Best practice for automated Linux updates

We are working on a way to perform automatic updates for our RHEL/RHEL-based servers.

Initial idea: Using Puppet, we disable the default repositories and point to our own. Then, we use ensure => latest for the packages we want to automatically update.

Problem: We are seeing that some services restart after an update (duh).

Question: Does anyone have any advice on how to better automate Linux updates and strategies on mitigating the automatic restart of services? We'd prefer a solution that includes Puppet but, if we need to use another service, that is not a deal-breaker.

Edit

Possible solution: I submitted a solution that implements many of what @voretaq7 and @ewwhite suggested. Seems like this is the route I am going for the time being. If you have other suggestions, please comment or submit an answer.


Solution 1:

Your general update strategy is sound: You have a local repo (which I assume you test in a dev environment), and you update everything based of that (I assume known good) repo.

The service restart thing is inevitable: If the underlying code has changed you need to restart the service for that change to take effect. Failing to do so can lead to worse consequences (running code out of sync with a shared library leading to a crash of the application).
In my environment I consider the quarterly patch windows to be quarterly "REBOOT ALL THE THINGS!" windows too. The advantage of such a policy is that you know that your servers will come back up after a restart, and you know they'll work properly (because you test them regularly).


My best advice to you is to schedule the software releases (maybe this means you'll have to trigger them "manually" with puppet), and advise your users of the planned maintenance/downtime.
Alternatively (or as part of this) you can configure redundancy in your environment such that you can have a few machines or services restarting and still provide service to the end users. This may not completely eliminate any disruptions, but it can help minimize them.

The added redundancy also protects you in the event of hardware failures, which are inevitable on a long-enough time scale.

Solution 2:

Is there necessarily a problem with restarting a service after a package update? Test on a small scale before you deploy to see if there are any issues. I recently had an ugly issue with the rpmforge package of DenyHosts. It actually changed the location of its configuration and work directories between revisions from a yum update. That's totally undesired behavior. Typically, within the same revision of RHEL, there aren't too many issues, but you can never be sure without testing and watching the effects closely.

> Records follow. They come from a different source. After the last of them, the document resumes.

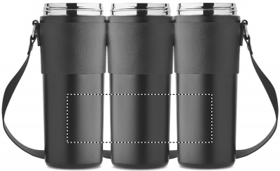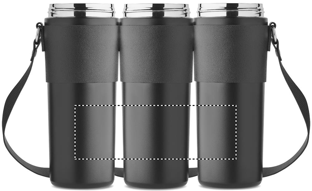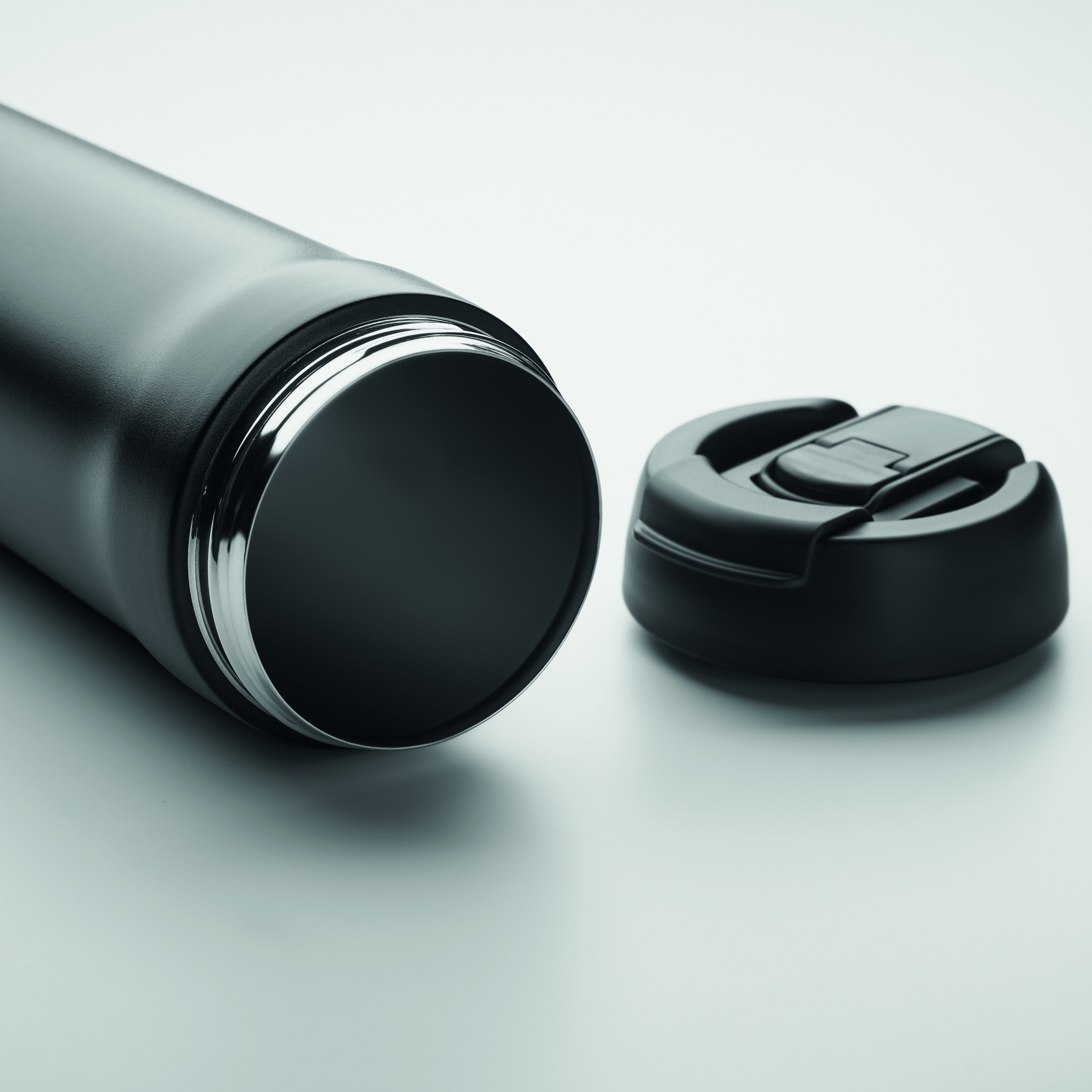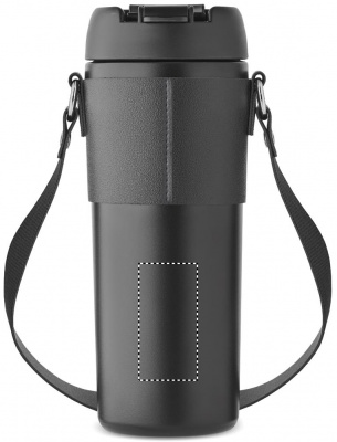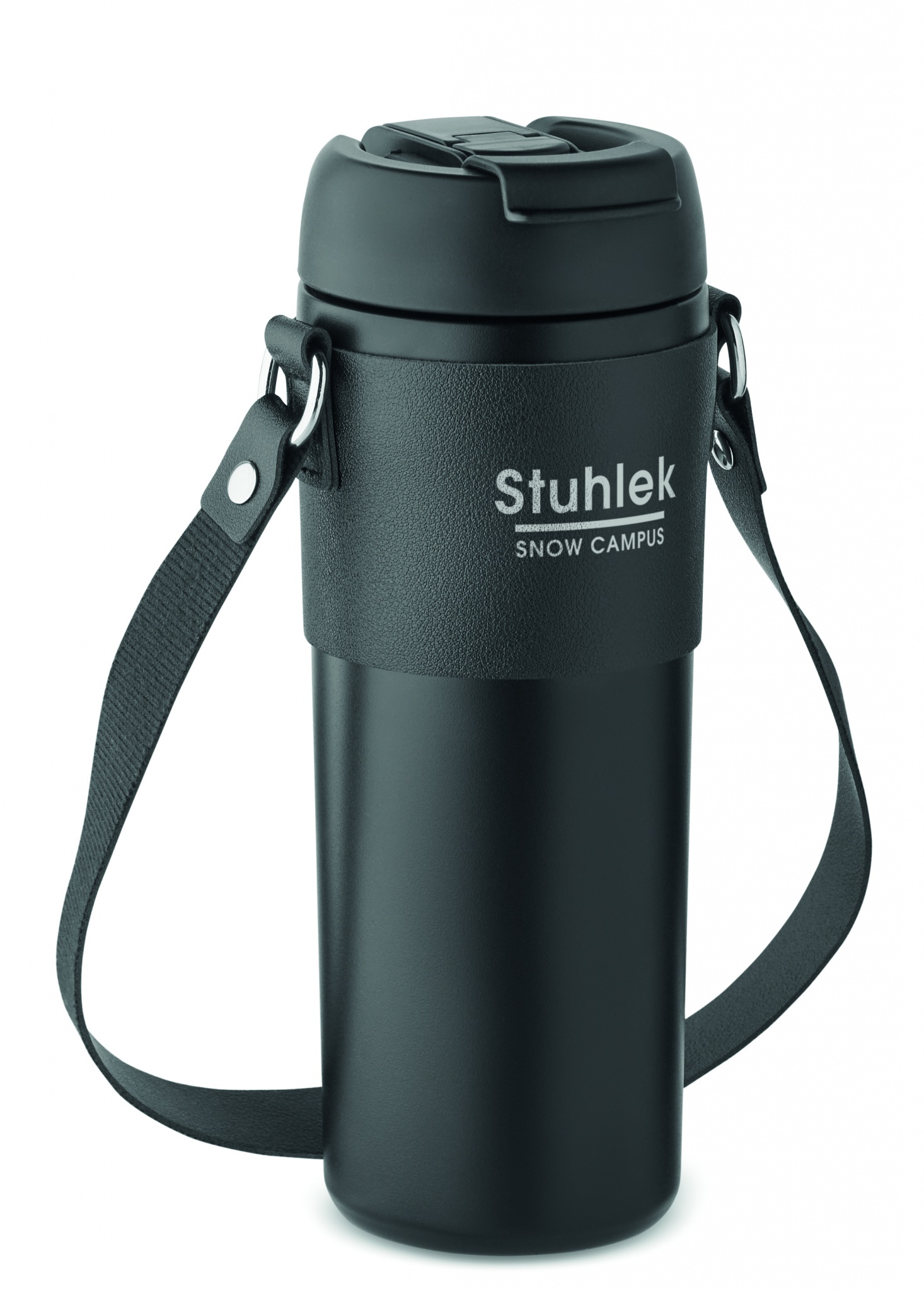 Flaska med dubbelvägg, pulverlackerad i rostfritt stål med PP-lock (2-i-1 sugrörlock) och med PU-bärband. Läcker inte. Volym: 700 ml.
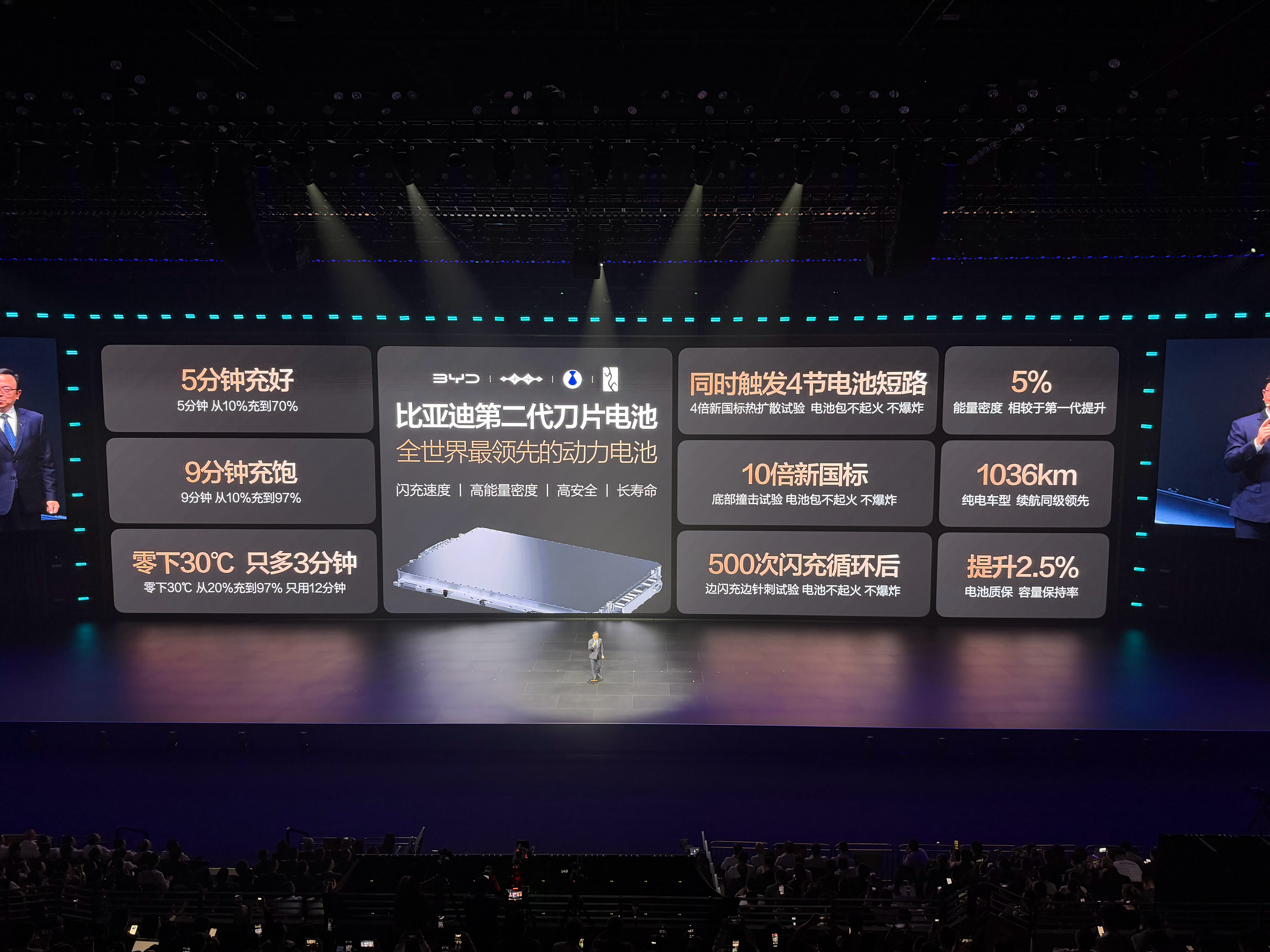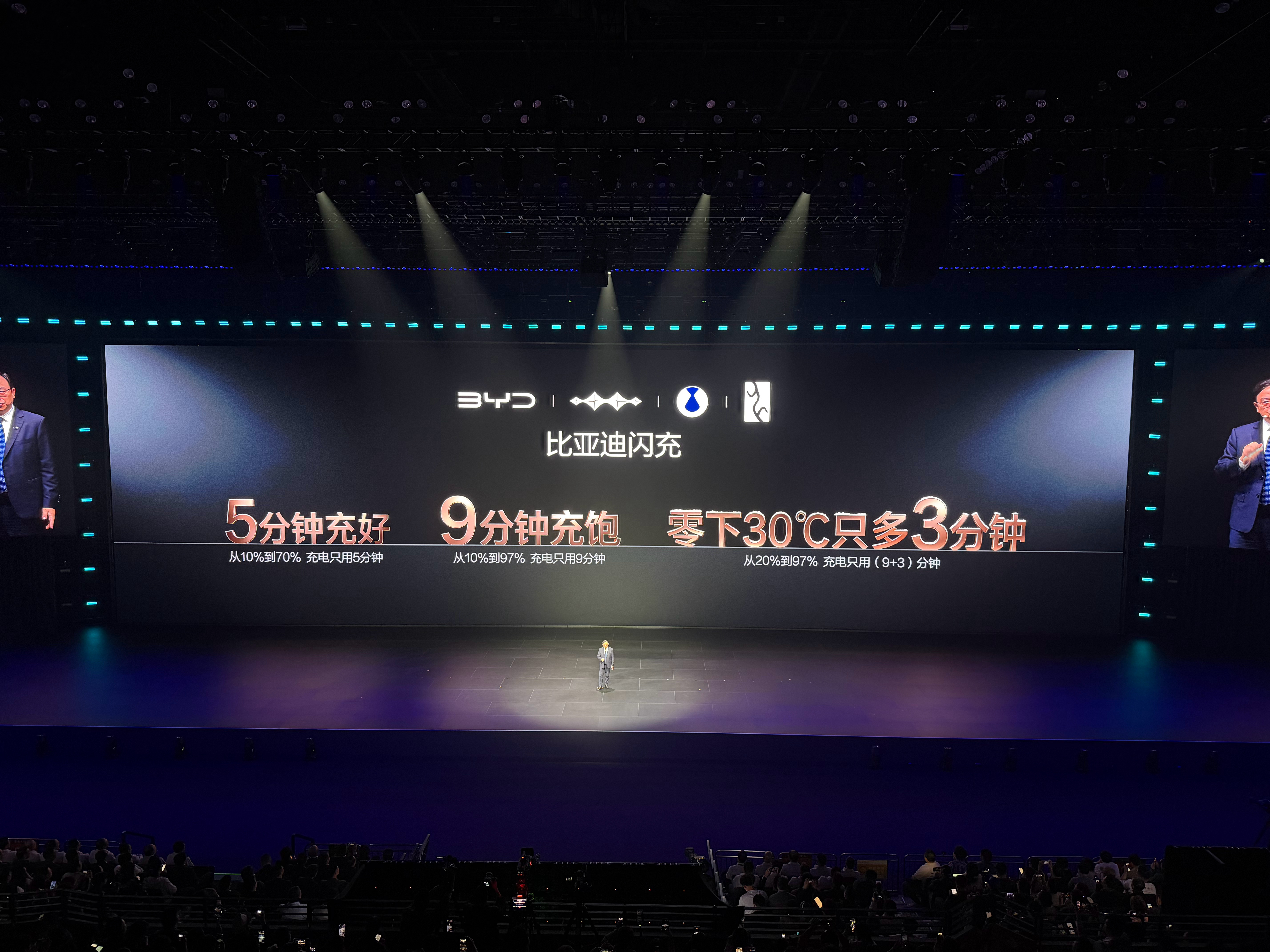 比亚迪这次发布了第二代刀片电池和闪充技术,补能效率飞速提升!常温下5分钟充好,9分钟充饱,就算在零下30℃的低温环境,充电时间也只多3分钟。这对很多电车用户来说,充电慢和冬天补能难的痛点,被全部解决。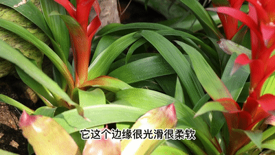 不光好看,果子蔓还是一种很有趣的植物。寿海洋告诉我们,果子蔓的艳丽而高耸的顶部不是一朵花,而是由花莛、苞片及基部的数枚叶片所组成的混合体。花茎上螺旋着生许多苞片,构成星形的花序,小花隐藏在苞片里。而它的叶片光滑柔软,叶缘不具齿或刺,因而对有小孩和宠物的家庭也不会造成伤害。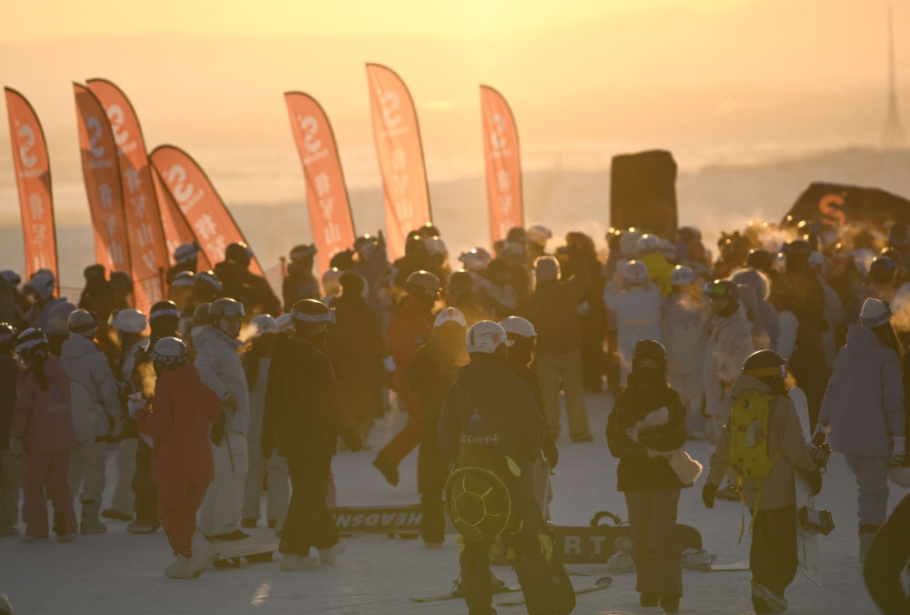 日落時分,阿勒泰市將軍山國際滑雪度假區(qū)的山頂區(qū)域人頭攢動(1月24日攝)。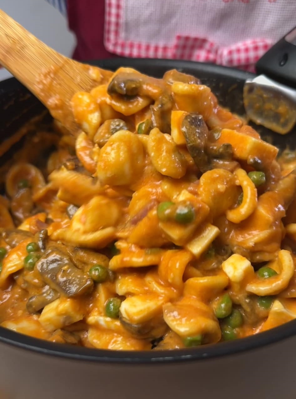 Gustosa, ricca, saporita, filante, sarà una vera esplosione di sapori. Ci sarà l’incontro perfetto tra speck, funghi e piselli (che sembrano un pò un’intruso ma ci stanno benissimo) ed il tutto sarà abbracciato da un cremoso sugo di pomodoro e dalla mozzarella.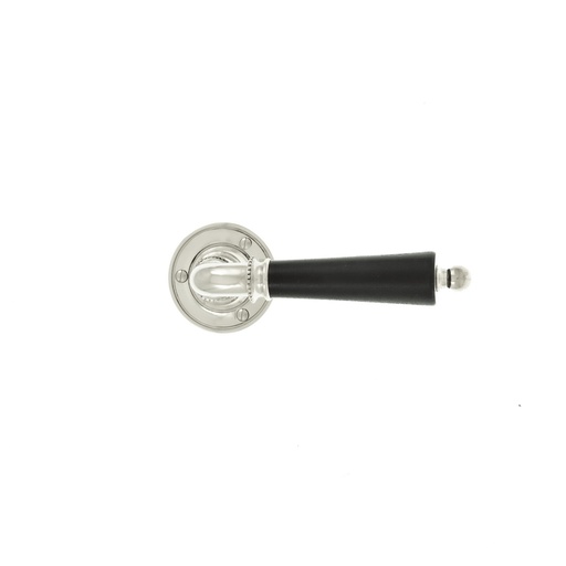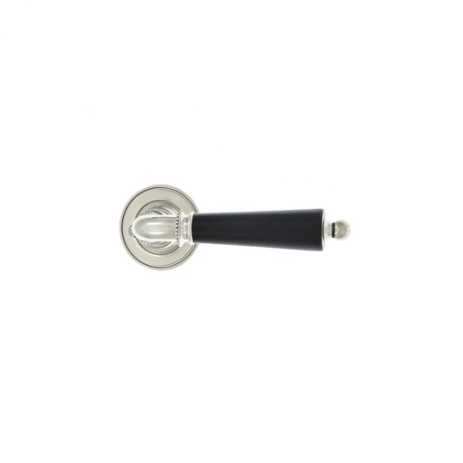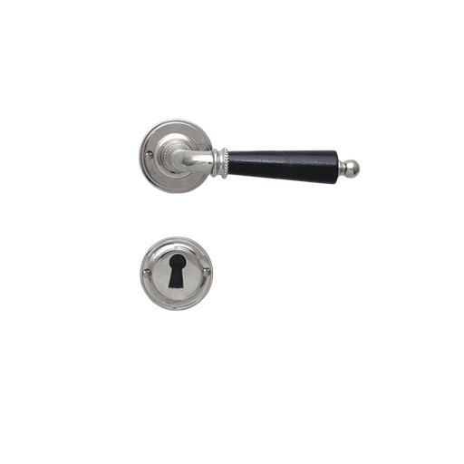 Ovenpainike, Björkboda 25, koristeellinen malli, uuteen oveen, niklattu messinki ja musta puukahva, avainkilvillä

Another option is to selectively update services. Do you always need the latest packages, for example? This goes back to understanding your reasons for running updates. What is the real goal?

The advantage of running your own repo is that you can stage releases or rollouts and manage the schedule. What if you have a hardware peripheral or software vendor that requires RHEL 5.6 and would break under 5.7? That's one of the benefits to managing your own packages.

Solution 3:

@Beaming Mel-Bin

The simplification will eliminate the need for using ssh for loop tools, to start/stop puppet.

First of all you will need to change your manifests to include a variable called "noop" whose value is sourced from the ENC.

So you would have something like this in a class:

noop => $noop_status

Where noop_status is set in your ENC. When you set the value of noop_status to true, the manifest will run in noop mode only.

If you have 100s or 1000s of hosts, you can use an ENC like Dashboard or Foreman that lets you mass change parameters for many hosts, by inheriting them at the "Hostgroup" or "Domain" level. You can then set the value to "false" for a small number of test hosts, overriding the Hostgroup value.

With this, any changes get applied to selected hosts only.

Changing one parameter in a central location can affect any number of hosts, without the need to turn puppet on/off with ssh for loop tools. You can divide your hosts in multiple groups for safety/management.

Also note that instead of hard coding Package version numbers in manifests, you can put them in the ENC. And just like above, you can selectively apply changes and manage rollouts.

If you want more granularity(and complexity) you can even have per class parameters, like noop_status_apacheClass and so on.

This may be harder to manage if you include classes in other classes.